Роль активации PLD во многих контекстах передачи сигналов, в сочетании с отсутствием роли холина, предполагает, что PA играет важную роль в передаче сигналов. Однако PA быстро превращается в DAG, и DAG также известен как сигнальная молекула. Это поднимает вопрос о том, играет ли PA какую-либо прямую роль в передаче сигналов или он просто действует как предшественник для продукции DAG. Если будет обнаружено, что PA действует только как предшественник DAG, тогда можно поднять вопрос, почему клетки должны производить DAG с использованием двух ферментов, если они содержат PLC, который может продуцировать DAG за один шаг.
PA, продуцируемый PLD или DAGK, можно отличить по добавлению [γ-P] ATP. Это покажет, является ли фосфатная группа новым производным от активности киназы или она происходит от ПК.

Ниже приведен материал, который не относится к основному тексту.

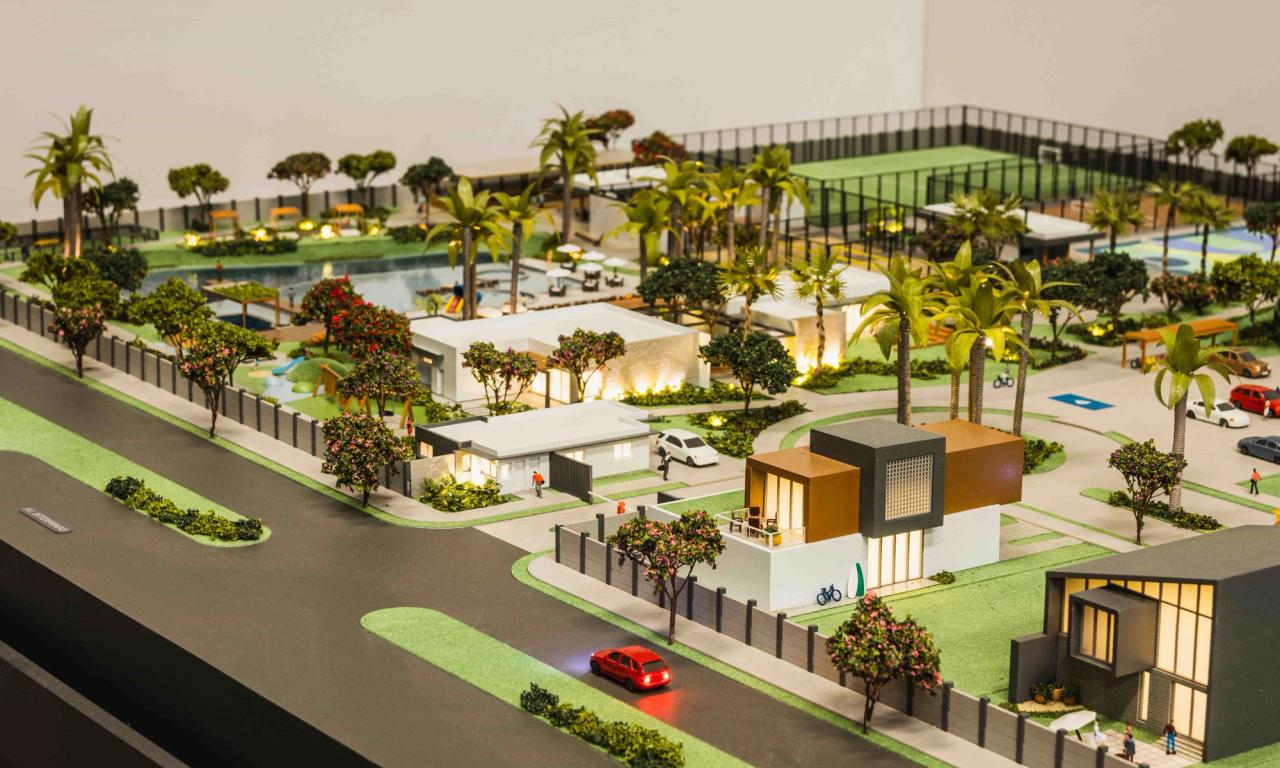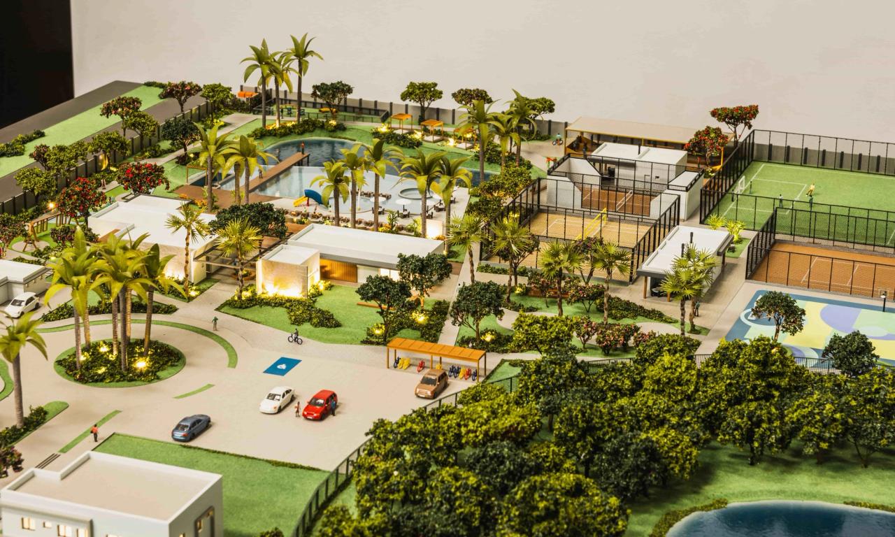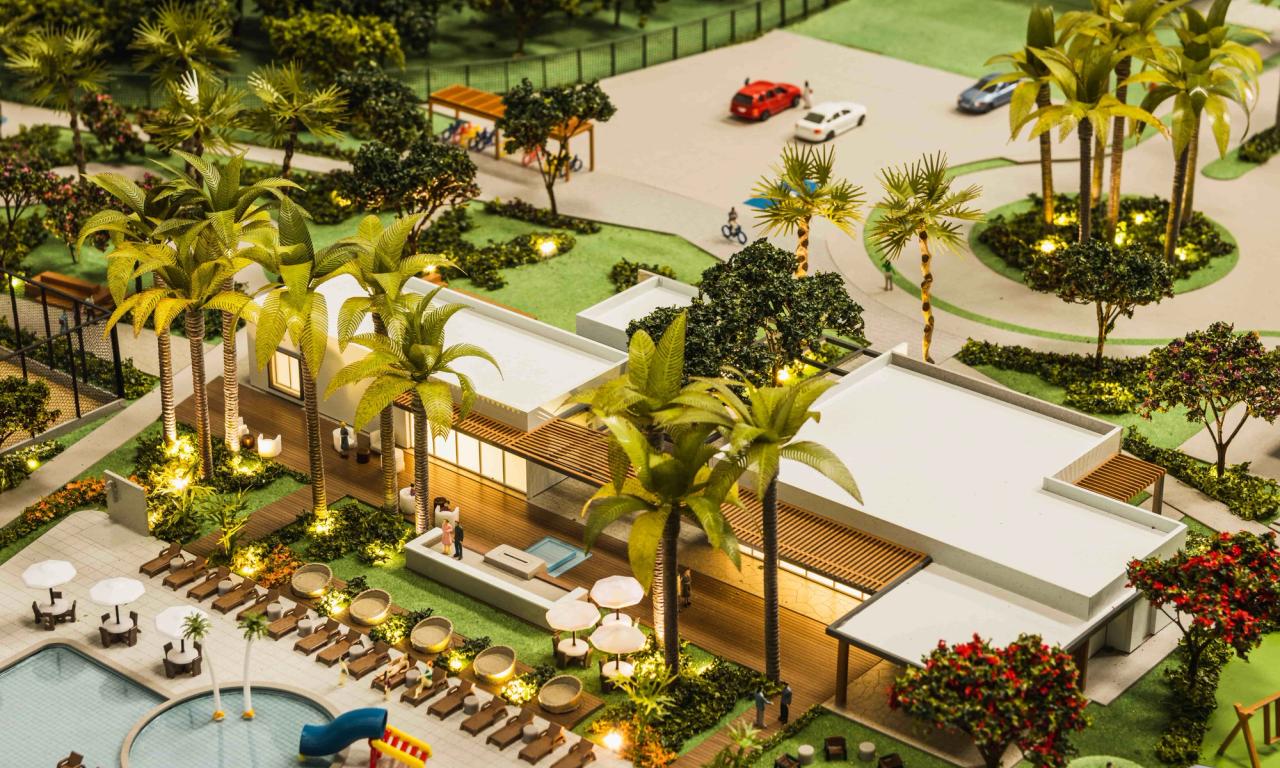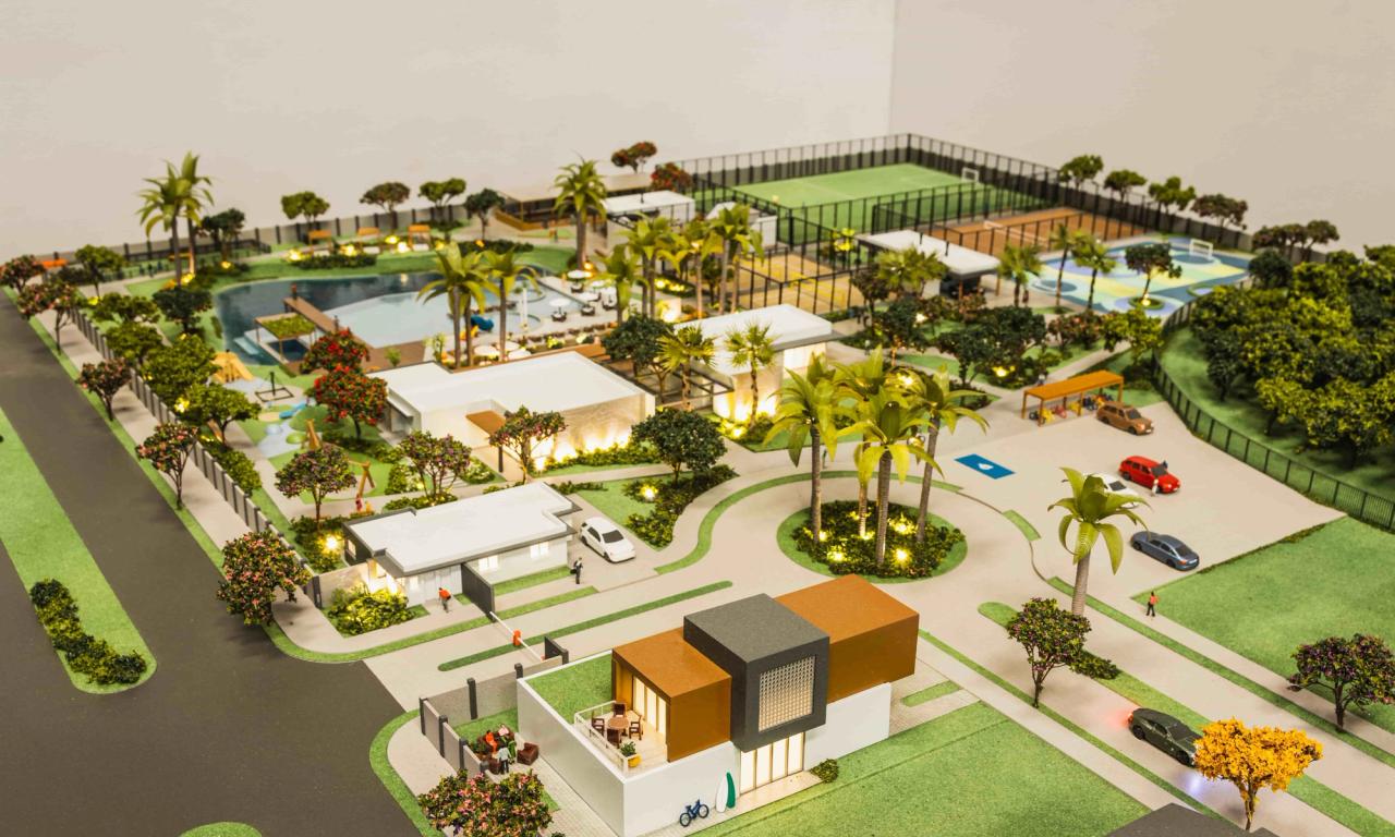 Neste projeto o cliente optou por uma escala intermediária que permitiu representar com muito mais detalhes toda a área de lazer e do clube do empreendimento, assim como algumas casas, a vegetação e até mesmo alguns detalhes de decoração. O resultado final foi uma maquete muito rica em detalhes, que transmite com fidelidade a vida e o movimento que serão encontrados no empreendimento.

Хотя PA и DAG взаимопревращаемы, они не действуют одними и теми же путями. Стимулы, которые активируют PLD, не активируют ферменты ниже DAG, и наоборот. Например, было показано, что добавление PLD к мембранам приводит к продукции [P]-меченых PA и [P]-меченных фосфоинозитидов. Добавление ингибиторов DAGK устраняет продукцию [P]-меченого PA, но не стимулирует PLD-стимулированное производство фосфоинозитидов.
Возможно, что, хотя PA и DAG являются взаимопревращаемыми, отдельные пулы сигнальных и несигнальных липидов могут сохраняться. Исследования показали, что передача сигналов DAG опосредуется полиненасыщенным DAG, тогда как PA, происходящий из PLD, является мононенасыщенным или насыщенным. Таким образом, функциональный насыщенный / мононенасыщенный PA может быть разложен путем его гидролиза с образованием нефункционального насыщенного / мононенасыщенного DAG, тогда как функциональный полиненасыщенный DAG может быть разложен путем преобразования его в нефункциональный полиненасыщенный PA.
Эта модель предполагает, что PA и эффекторы DAG должны уметь различать липиды с одинаковыми головными группами, но с разными ацильными цепями. Хотя некоторые липид-связывающие белки способны внедряться в мембраны и гипотетически распознавать тип ацильной цепи или результирующие свойства мембраны, многие липид-связывающие белки являются цитозольными и локализуются на мембране, связывая только головные группы липидов. Возможно, различные ацильные цепи могут влиять на угол наклона головной группы в мембране. Если это так, это предполагает, что PA-связывающий домен должен быть не только способен специфически связывать PA, но также должен быть способен идентифицировать те головные группы, которые находятся под правильным углом. Каким бы ни был механизм, такая специфика возможна. Это наблюдается в DAGK семенников свиней, который специфичен для полиненасыщенного DAG, и в двух LPP гепатоцитов крысы, которые дефосфорилируют различные виды PA с различной активностью. Более того, было показано, что стимуляция активности SK1 с помощью PS in vitro сильно варьируется в зависимости от того, использовались ли диолеоил (C18: 1), дистеароил (C18: 0) или 1-стеароил, 2-олеоил разновидности PS. Таким образом, кажется, что, хотя PA и DAG взаимопревращаемы, разные виды липидов могут иметь различную биологическую активность; и это может позволить двум липидам поддерживать отдельные сигнальные пути.